Great bunch of replies to my question about hyperinflation. I'll take them one at a time.
Pete: here's an article written by that same Peter Bernholz where he claims that he does NOT think there will be a hyperinflation in the US. Its dated - about three years old - but read it and tell me what you think. One signpost he gave for incipient hyperinflation is where 40% of government expenditures are being funded by money creation (direct monetization). Looking at graphs on FRED, there's one year where that almost happened - 2009 - and then money creation backed off. However, the metric IS interesting - measuring money creation divided by government expenditures, and more important than "winning" or "losing" such an argument, I'm looking exactly for such metrics so thanks!
Mr Bernholz also suggested another requirement is when people "turn positive" on the economy and all that money sitting around is suddenly mobilized. That makes sense to me, and so that's something else we can follow. I'll poke around and look for consumer sentiment metrics and see what I can dig up.
Here's the Bernholz article:
http://www.american.com/archive/2009/december-2009/how-likely-is-hyperinflation
Here's the graph from Fred - USFED budget change y/o/y divided by annualized Fed Gov expenditures. Once the FGEXPND series updates, we'll probably see that chart pop up again. Perhaps there's a series on govt expenditures that updates more frequently. I'll poke around.

@Jim
Loss of reserve currency status. Yes I've heard that one too. What can we use to measure this loss? Presumably long term treasury rates are the metric - the ability to borrow money cheaply. Martin Armstrong is a bit of a crank, but when a bunch of people predicted hyperinflation he has counterclaimed that a core economy never hyperinflates - that only happens in the periphery. When trouble strikes, money runs towards the core, not away from it. As measured by Treasury rates and the observation of money flows during the many phases of the eurozone crises, that thesis would seem to bear out. The US remains a core economy.
Would you rather have your money in China, or in the US? Me, I pick the US. Heaven only knows what the Chinese government will do any day of the week. And more anecdotal evidence suggests the chinese leadership have bought houses in the other core economies - the US, Canada, England.
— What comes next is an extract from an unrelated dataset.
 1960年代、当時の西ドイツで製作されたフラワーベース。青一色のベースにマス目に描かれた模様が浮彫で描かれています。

But that's anecdotal - for metrics, we monitor money flows which means long treasurys and the USD. Judging from how the yield on TIPS (top chart, trending down) and the trade-weighted US dollar (bottom chart, tracking sideways) are doing, we're not losing that reserve status as of today. If TIPS start tracking up - say above 2% - and the dollar down below (say) 90, then we will have a problem.


@AKGranny
$3 per pound for cauliflower? BLS response would be: try substituting a different vegetable!
The deeper truth here is, the impact of food price inflation on a person depends entirely on how much of their budget is used to buy food. That's why food riots happen in very poor countries and not in rich ones. People in Pakistan spend 45% of their budgets on food, so when food doubles in price, they get extremely upset.
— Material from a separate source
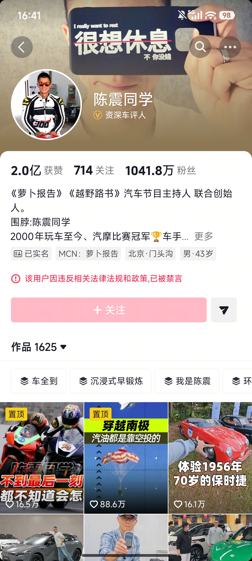 此外,在全网拥有超2400万粉丝知名车评人陈震,前段时间也深陷税务风波,因偷税漏税被税务部门查处,同样落得被封禁的下场。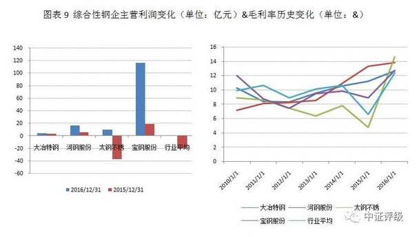 行業(yè)基本面的整體回暖難以掩蓋企業(yè)間的結(jié)構(gòu)分化,部分企業(yè)財(cái)務(wù)數(shù)據(jù)跑輸行業(yè)平均表現(xiàn),甚至變化趨勢(shì)與行業(yè)周期相背離,主要體現(xiàn)為資源型鋼企。另外,同是經(jīng)營(yíng)改善的企業(yè)中也存在不同驅(qū)動(dòng)因素的分化,本輪鋼鐵行業(yè)的強(qiáng)勢(shì)復(fù)蘇既有落后產(chǎn)能淘汰等中長(zhǎng)期產(chǎn)業(yè)結(jié)構(gòu)升級(jí)因素,也有庫存周期和基建投資推動(dòng)的短期因素,不同的驅(qū)動(dòng)因素將決定企業(yè)業(yè)績(jī)恢復(fù)的可持續(xù)性。依賴建筑鋼材和中低端板材的鋼企雖在短期內(nèi)基本面均向好,建筑型鋼企受短期補(bǔ)庫存和地條鋼整頓等影響表現(xiàn)短期內(nèi)甚至好于其他產(chǎn)品結(jié)構(gòu)較優(yōu)的鋼鐵企業(yè),但從中長(zhǎng)期行業(yè)發(fā)展趨勢(shì)看,基本面復(fù)蘇的支撐仍以具有產(chǎn)品結(jié)構(gòu)優(yōu)勢(shì)的大型綜合鋼企和特鋼企業(yè)較強(qiáng)。

Most people in the US do not spend anywhere near that (our average is about 7%), so we don't have food riots. And we have a great deal of cheap (but perhaps not so nutritious) food. FAO has a food price index http://www.fao.org/worldfoodsituation/wfs-home/foodpricesindex/en/ which illustrates how dramatically international food prices have risen since 2007. (I pick the orange line - nominal prices - since I'm not really seeing wage gains in nominal terms these days). But if your food budget takes up 40% of your income, you REALLY notice this. That's not hyperinflation, but for sure, its pain. I'd claim that's linked to oil prices, and I have a chart for that too if you are interested.

Thanks for the replies, I think I'll go and make another page! I have one on credit inflation and CPI inflation, but not one for signs of hyperinflation.